In a study with British migrants to rural France, Benson (2012) shows that an imagination of the rural idyll, in which neighbours are friendly and life is more relaxed, prompts this form of migration. Benson (2012, p. 1688) argues, therefore, that this migration is driven by the way rural France is “imagined to uniquely offer a particular way of life.” Likewise, recent attention to student mobility has also pointed out the
imaginative geographies that shape this form of transnational migration (Beech, 2014; Findlay et al., 2012; Madge et al., 2009). Indeed, the “choice” of a UK education emphasises the continued power of postcolonial discourses that position the UK education system as superior (Madge et al., 2009). Beech (2014, p. 172) testifies that the British Council, which, she reminds, is in itself a postcolonial institution, uses promotional material such as DVDs to “market the UK” to students as “the place to receive a world-class education, alongside other opportunities for personal growth.” Beech’s (2014) emphasis on personal growth thus shows that the possibility to transform the self, or “to be someone different,” is a perception shaped by imaginative geographies.
Writing on Muslim women’s migration from Indonesia to Saudi Arabia for domestic work, Silvey (2005, 2007) examines the role of religious discourses in shaping Javanese domestic worker migration to Saudi Arabia. Specifically, Silvey (2007, p. 219) evaluates the “imagined geographies of gendered piety” that are deployed by recruitment agencies. These agencies draw on the idea of the umma, that is the global community of Muslims, to stress Saudi Arabia as a “safe” “Muslim” environment, where the women are unlikely to come into contact with haram (forbidden) things and that in this traditional Islamic state, men and women rarely meet. Furthermore, Silvey (2005, p. 141) observes that migration to Saudi Arabia offers these women the chance to pilgrimage to Mecca, one of the five pillars of Islam, and thus offers them “religious prestige” on return to Indonesia. Again then, it is possible to see how opportunities for feeling or being through migration are tied up with imaginative geographies and have an important influence on migration behaviours.

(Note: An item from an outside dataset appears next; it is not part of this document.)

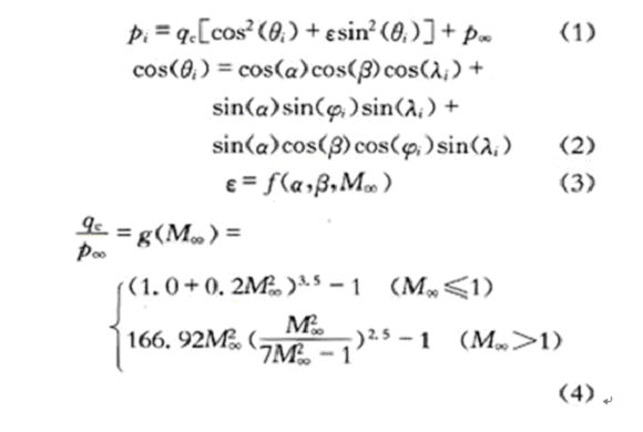 FADS系統的空氣動力學模型把位流模型與修正的牛頓流模型(前者主要適用于亞音速條件,后者主要適用于超音速條件)與一個修正系數ε相結合,形成了不同馬赫情況下的帶補償的空氣動力學模型。ε的數值是在綜合考慮了壓縮效應、氣動外形、系統影響等因素而選取的。在飛行中,可以將其看成攻角、側滑角和馬赫數的函數,其函數關系可以在飛行前確定。

This section has sought to introduce some alternative conceptual approaches and insights for examining Muslim family-related migration. With this aim in mind, the focus has been less on the family and more on the individual reasons people migrate. In so doing, the section draws attention to recent conceptual approaches that emphasise the possibilities for resubjectification through migration as a driver of migration behaviour. Through this lens, it is possible to explore the extent to which the chance to be a different person, to feel differently, is a consideration for Muslim migrant women in “choosing” to migrate. Furthermore, the insights here enable a deeper exploration of the ways in which religious and gendered discourses work to shape Muslim women’s
imaginative geographies and thus their perceptions of the possibilities that migration offers for resubjectification.